Every line below from the one containing "FICUS BAMBINO IN" through the one containing "国家统计局:1-10月份全国房地产开发投资同比下降9.3%" is to be printed exactly, with the pictures omitted.

Records from a collection:
BEGIN

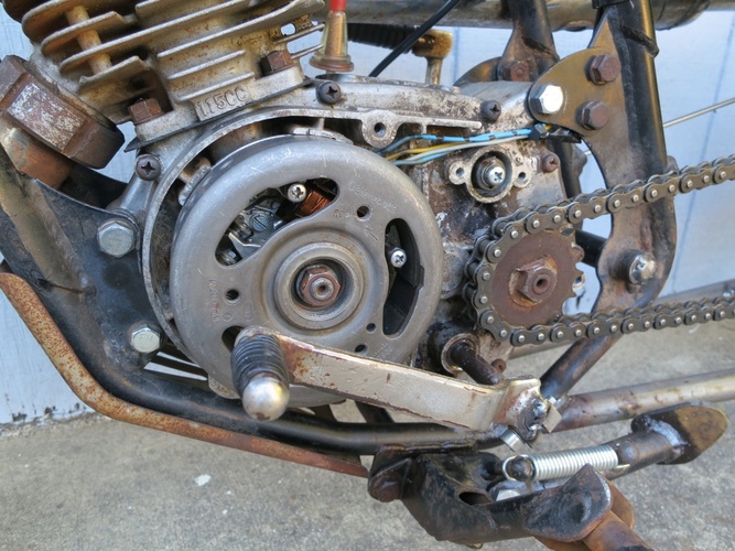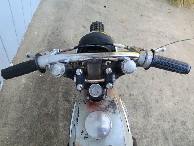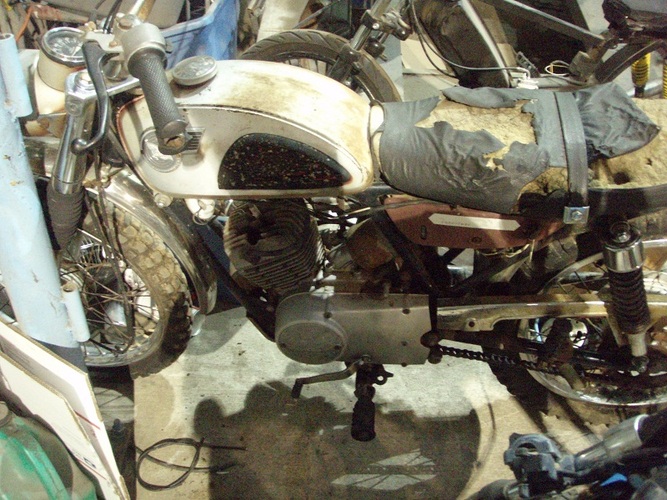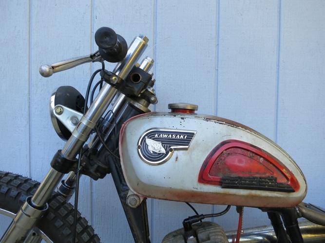This whole thing had to be built in under a month and for less than $1000, which really meant like 15 hours (after work and on weekends when we could) and ~$300 (we ain't got $1k to drop on something like this). This is a '67 Kawasaki Roadrunner 120cc baby enduro that Ryan and I paid a guy $50 for. It had been sitting in his backyard for 20 years, so he said. It had not been registered since new.
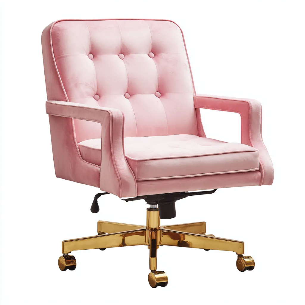 El tapizado de terciopelo rosa aporta una textura suave al tacto, mientras que la base metálica en acabado dorado proporciona resistencia y un aspecto visual moderno. Los materiales están seleccionados para garantizar durabilidad en el uso diario.
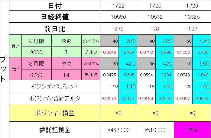 そしてデルタは、2月限新規ポジションのヘッジ分と、残りの3月限ポジションの調整分とでミニ先2枚売りにてフラットに調整完了。
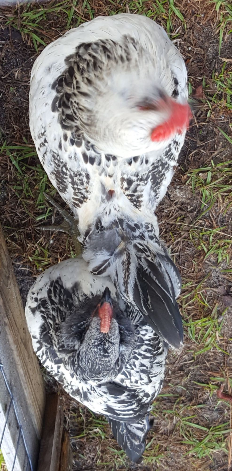 That's so cool! I have 1 of my chicks rides its' mama around on her back... it is so amusing to see.Some roos stay sweet and tame forever though! I had an EE rooster named Cowboy for years (a rescued chick raised by my broody hen) Even after he had grown, had his "wifey" and raised a batch of chicks of his own (such a great dad too! He let his chicks ride around on his back and call them to any bug he'd find) he would still come in the house, jump up on the sofa onto my lap and want cuddles.
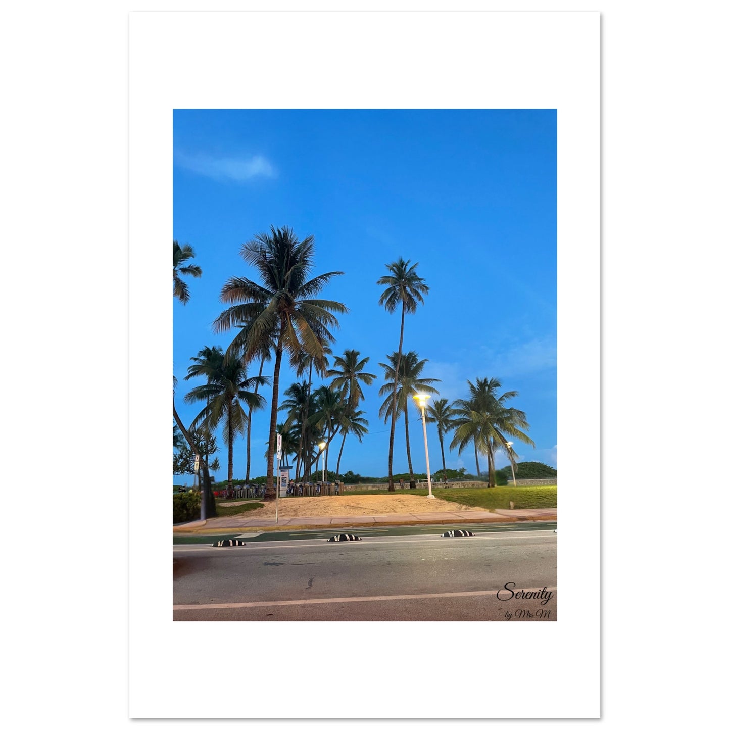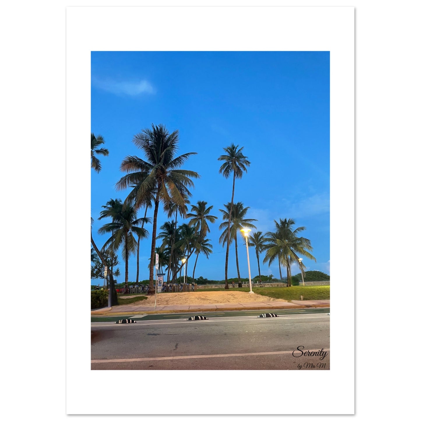 Transport yourself to a tranquil tropical evening with our 'Evening Palm Paradise' poster. The deep blues of twilight meet the silhouette of majestic palm trees, illuminated softly by distant lights, creating an atmosphere of serene escape. This stunning print captures the peaceful essence of a coastal sunset, perfect for adding a touch of calm sophistication and natural beauty to any room in your home or office.
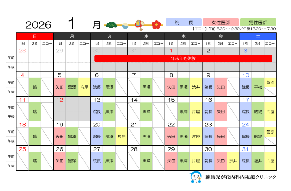 2026年1月の医師の勤務日および、エコー実施日は以下の通りです。
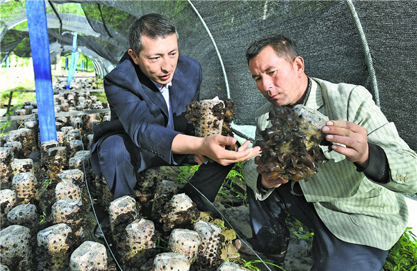 4月30日,新疆烏什縣委組織部駐阿克托海鄉(xiāng)庫木奇吾斯塘村“訪惠聚”工作隊隊員艾克熱木·艾麥提(左)在工作隊建立的黑木耳種植示范基地,為該村貧困戶講解黑木耳種植技術(shù)。約提克爾·尼加提 攝
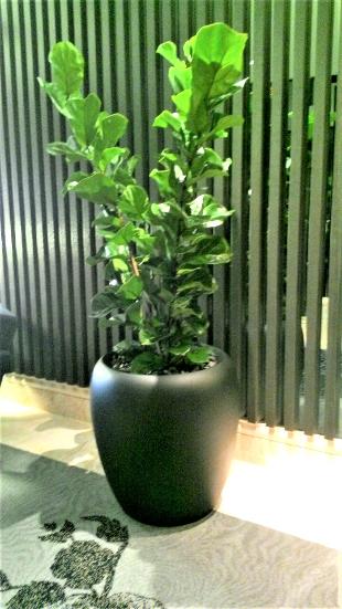 FICUS BAMBINO IN BLACK URN TOPPED WITH BLACK PEBBLES
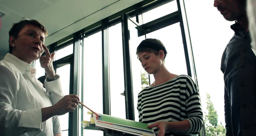 Die Zusammenarbeit mit Studierenden macht mir sehr viel Spaß. Diejenigen, die sich auf dieses komplexe Themenfeld einlassen, sind hoch motiviert und bereit über den Tellerrand der reinen Gestaltung zu blicken. In meinem Verständnis ist Gestaltung die Bestimmung durch Darstellung, insofern gehört die Auseinandersetzung mit der Unternehmenskultur und mit den fachlichen Inhalten der Unternehmen zum Seminar. Auch das löst ›Kribbeln im Kopf‹ aus und wird von Studierenden gerne angenommen.
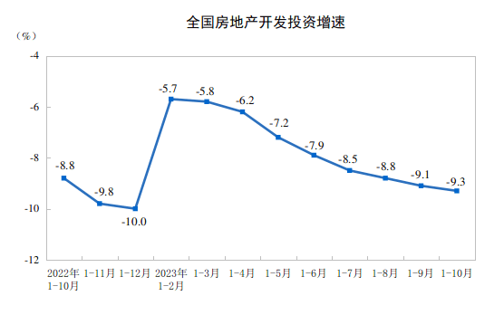 国家统计局:1-10月份全国房地产开发投资同比下降9.3%
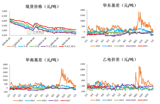 现货价格、基差及乙烯法-电石法价差

END

* Answer box:
 FICUS BAMBINO IN BLACK URN TOPPED WITH BLACK PEBBLES
 Die Zusammenarbeit mit Studierenden macht mir sehr viel Spaß. Diejenigen, die sich auf dieses komplexe Themenfeld einlassen, sind hoch motiviert und bereit über den Tellerrand der reinen Gestaltung zu blicken. In meinem Verständnis ist Gestaltung die Bestimmung durch Darstellung, insofern gehört die Auseinandersetzung mit der Unternehmenskultur und mit den fachlichen Inhalten der Unternehmen zum Seminar. Auch das löst ›Kribbeln im Kopf‹ aus und wird von Studierenden gerne angenommen.
 国家统计局:1-10月份全国房地产开发投资同比下降9.3%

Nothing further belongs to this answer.